Most inimical is the creation of an entire race of dependents on the benevolence of big government. So, the next time anyone comes along and says, “The age of big government is over”, let us all show him the patriotic one Malaysia finger and in unison say, up yours! — sakmongkol.blogspot.com

  1. #1 by monsterball on Saturday, 7 July 2012 - 2:09 am

    It is a net work of cronies and companies set up to beef up their bank accounts with billions “legally” with words like “commission” “willing buyer, willing seller” as their defense excuses.
    UMNO b rogues and thieves must keep stealing.
    Mahathir said “Money is Power”……and his party is now corrupted to the core.
    People Power will talk less.
    They will speak with their votes and that is why, Najib dare not announce the 13th GE date.
    PR Parliamentarians and politicians are doing a great job to keep exposing UMNO b sly hands tactics.
    They are like magicians, one moment we see it, next moment all money gone…with different styles different sly of hands tricks.

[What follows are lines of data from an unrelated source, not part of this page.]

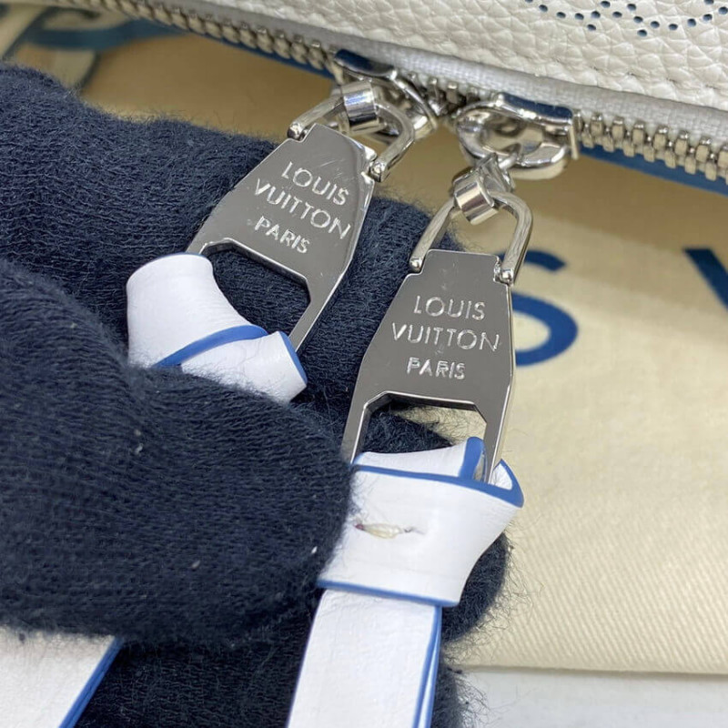 The Beaubourg Hobo bag is fashioned from Mahina leather in which the holes are partly colored by hand, creating a perforated Monogram pattern in blue, red, and caramel. It has a braided-leather top handle for hand or elbow carry and removable strap for shoulder or cross-body carry. A large LV charm signs the bag.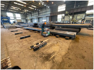 Bild 12.A – Ansicht der zahlreichen Platten in der Grosshalle. In dieser Abbildung sehen Sie die Grosshalle mit zahlreichen Platten, die abwechselnd auf der Hallenablagefläche mit dem MEMV-Verfahren entspannt werden. Dieses Verfahren dient dazu, Spannungen in metallischen Bauteilen abzubauen und Verzüge zu minimieren.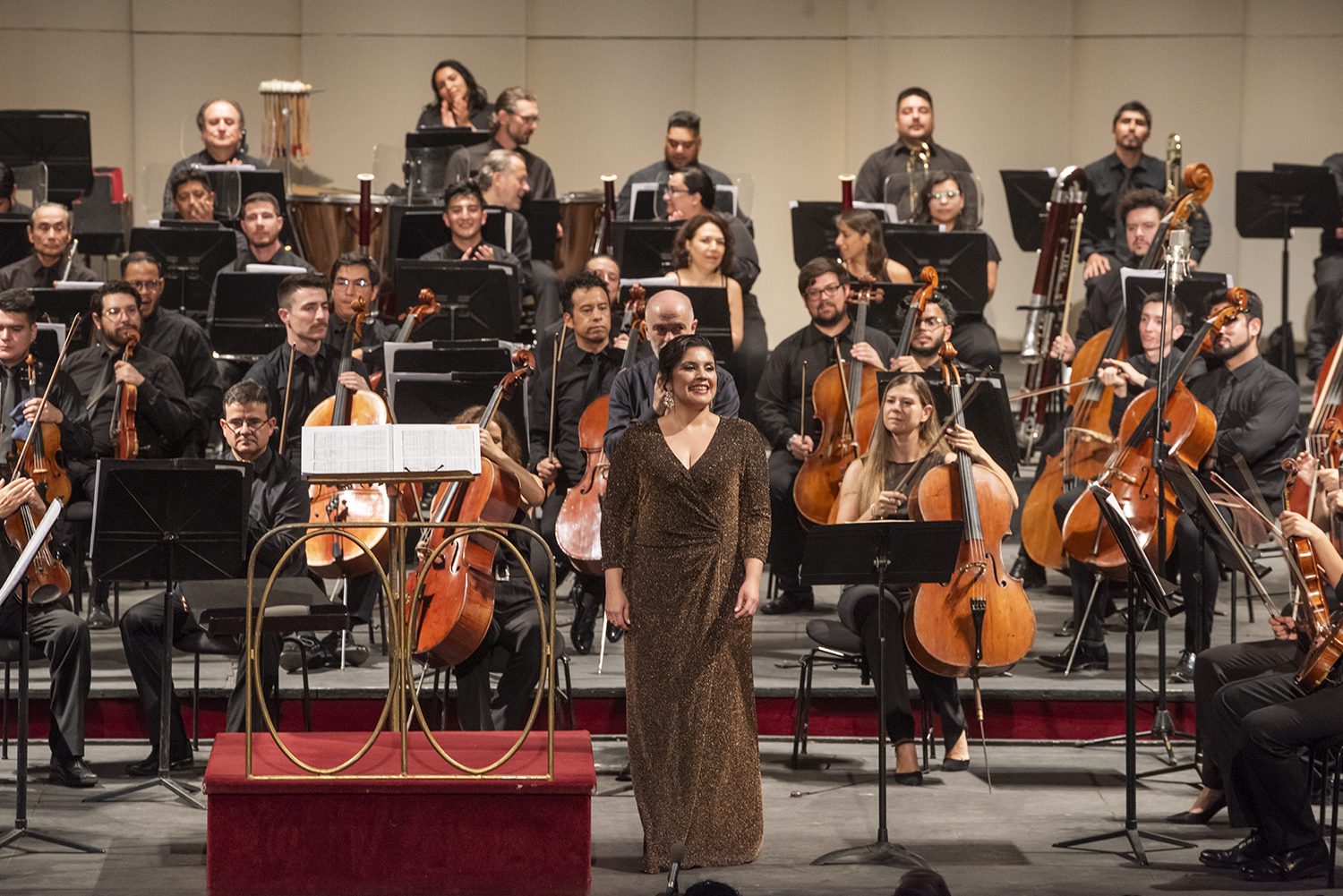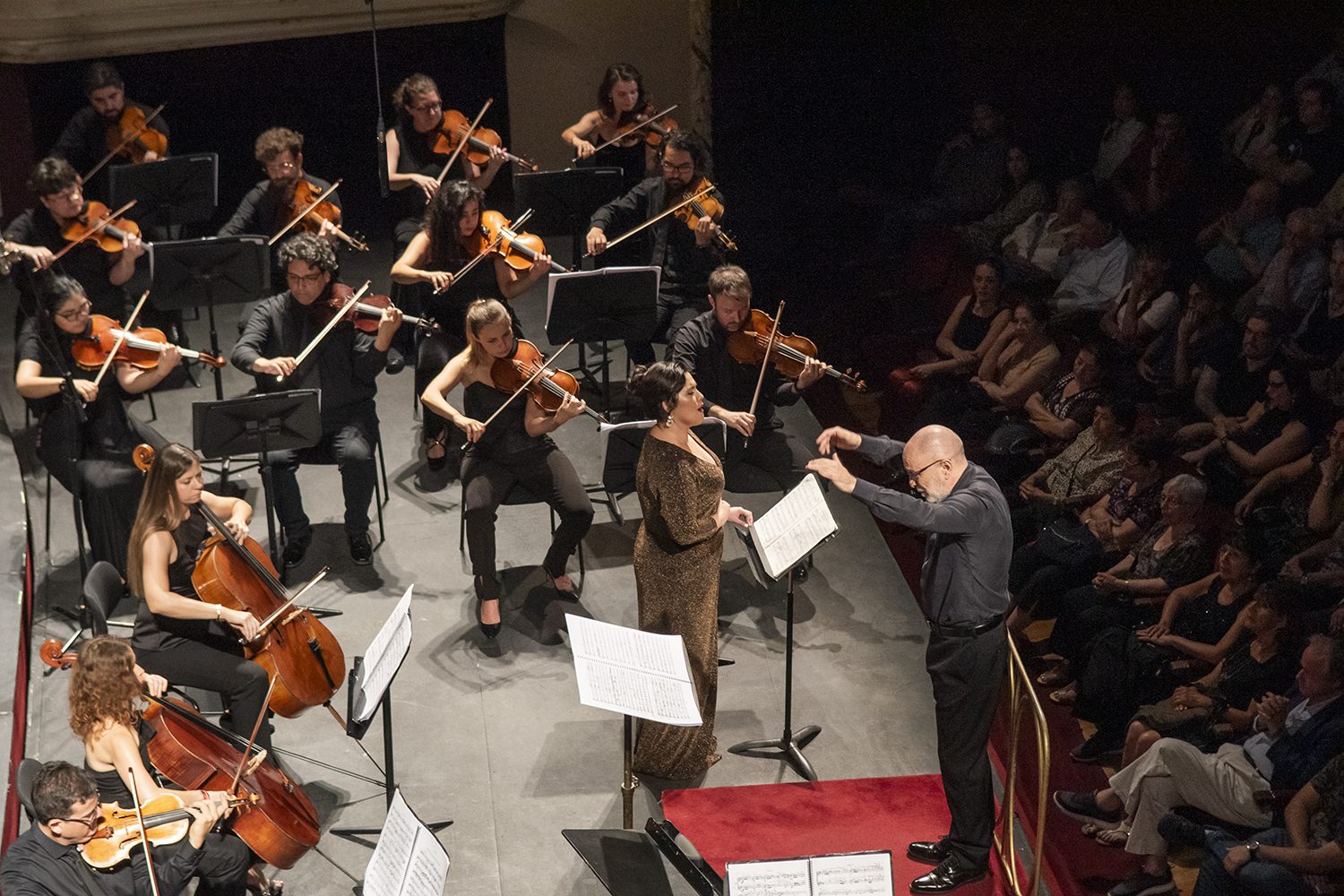 Yaritza Véliz, Roberto Rizzi Brignoli y la Filarmónica interpretando Strauss. foto Patricio Melo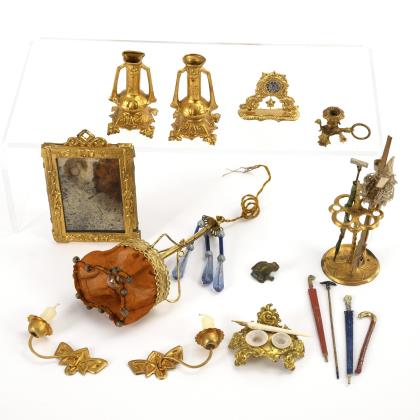 Ca. 16 Teile. Darunter Deckenlampe, Schreibzeug, Vasenpaar aus vergoldetem Zinn, Kaminuhr, Leuchter, 5 Spazierstöcke etc

  2. #2 by k1980 on Saturday, 7 July 2012 - 7:28 am

    “When you know that in order to produce,
    you need to obtain permission
    from men who produce nothing,
    when you see that money is flowing to those
    who deal not in goods
    but in favours,
    when you see that men get rich more easily by graft rather
    than by work,
    and your laws no longer protect you against them
    but protect them against you,
    you know that your society is doomed.”
    ~ Ayn Rand

    http://zorro-zorro-unmasked.blogspot.com/2012/07/answer-my-friend-is-blowing.html

  3. #3 by Jeffrey on Saturday, 7 July 2012 - 8:35 am

    There are 5 famous quotes from (counting amongst them) Winston Churchill and Adrian Rodgers explaining why Socialism and Communism do not work fora society which according to them most voters (unfortunately) don’t know :-
    1. You cannot legislate the poor into prosperity, by legislating the wealth out of prosperity.
    2. What one person receives without working for, another person must work for without receiving.
    3. The government cannot give to anybody anything that the government does not first take from somebody else.
    4. You cannot multiply wealth by dividing it.
    5. When half of the people get the idea that they do not have to work because the other half is going to take care of them; and when the other half gets the idea that it does no good to work, because somebody else is going to get what they work for, that is the beginning of the end of any nation.

  4. #4 by yhsiew on Saturday, 7 July 2012 - 8:35 am

    Rent-seeking goes against the very principle of meritocracy. An economy which practices rent-seeking is not sustainable in the long run.

  5. #5 by mauriyaII on Saturday, 7 July 2012 - 12:55 pm

    Malaysia is a fine example of a nation taken over by a corrupted coterie of rent seekers to whom hard work and industry are anathema. To maintain the status quo they have (in fact it was the evil mahathir mohamad Kutty) perpetuated a class of citizens who cannot live without handouts and crutches.

  6. #6 by rockdaboat on Saturday, 7 July 2012 - 2:39 pm

    Economic transformation?
    Please, don’t make me laugh!

  7. #7 by PoliticoKat on Saturday, 7 July 2012 - 9:41 pm

    I would also point out, even if one person was willing to study hard for no other reason aside for himself, he wouldn’t be able to change the class grade.

    One person cannot make a difference in centrally-directed arrangement. It requires a group effort of more than 50% of the actors in the class. In fact 90% of the class has to be working, anything less, and the work load becomes impossible.

    You can work 10% harder (90% productive) but not 40% harder (70% productive).